上記以外の国籍の方も、ドイツ・フランス・韓国・その他の国が北京に大使館を、主要都市に領事館を置いています。第三者サイトの情報は古くなっていることがあるため、渡航前に必ず自国の政府公式サイトで最新の連絡先を確認してください。
渡航前チェックリスト:保存・印刷用
以下を出発前に確認し、スマートフォンのロック解除なしでも確認できる場所(財布のカードや手帳など)にもコピーを保管しておきましょう。
- 📞 110番:警察(無料・全国共通)
- 📞 120番:救急車(通報は無料。搬送には費用がかかります)
- 📞 119番:消防(無料・全国共通)
- 📞 122番:交通事故通報
- 📞 12345番:非緊急・苦情・旅行者トラブル(北京・上海では日本語対応)
- 📱 12110番:SMSによる警察通報(市外局番下3桁を追加)
- ☐ 在中国日本国大使館・最寄り総領事館の緊急連絡先を電話帳に保存済み
- ☐ ホテルの住所を中国語でスクリーンショット済み
- ☐ 海外旅行保険の緊急アシスタンス番号と証券番号を控えた
- ☐ 通話・翻訳アプリに使える中国SIMカードまたはeSIMを用意済み
通話前に知っておくべき実際的なポイント
通話できる環境を整えておくことは、多くの方が思っている以上に重要です。電話をかけるためだけでなく、翻訳アプリを使うためにも、通話・データ通信が使える中国SIMカードまたはeSIMが不可欠です。

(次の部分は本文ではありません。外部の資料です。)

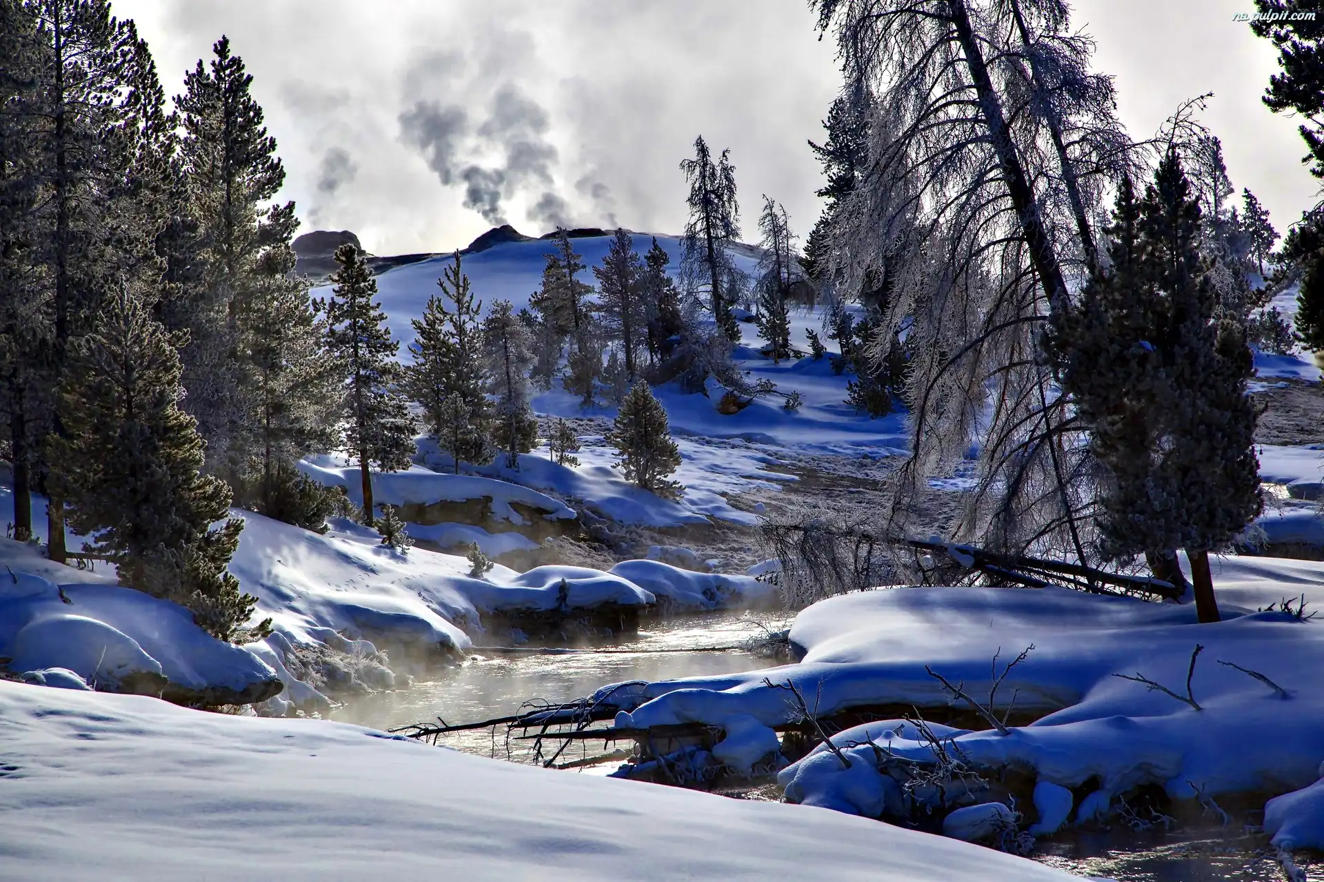 Stan Wyoming, Zima, Drzewa, Park Narodowy Yellowstone, Stany Zjednoczone, Rzeka Firehole River Na Pulpit |

また、中国滞在中の安全・健康に関する全般的な情報も事前に確認しておくことをお勧めします。パスポートを紛失した場合の対応手順についても、渡航前に把握しておくと安心です。
まとめ
中国の緊急システムは、サービス別に分かれていることを理解すればシンプルです。警察は110番、救急は120番、消防は119番——すべて無料、すべて直接ダイヤル。実際の課題は言語の壁ですが、現地の住所を中国語で保存し、スマートフォンのバッテリーとデータ通信を確保し、必要なら中国語話者に電話を代わってもらうことで対応できます。
真の緊急事態ではないトラブル(詐欺・口論・クレームなど)には12345番が適切で、北京・上海では日本語で対応してもらえます。そして、在中国日本国大使館の緊急連絡先と海外旅行保険のアシスタンス番号を必ず渡航前に保存しておきましょう。5分間の事前準備が、いざというときに大きな差をもたらします。
公式情報としては、上海市政府の緊急ガイダンスと中国中央政府の緊急番号ガイドも渡航前の参考にしてください。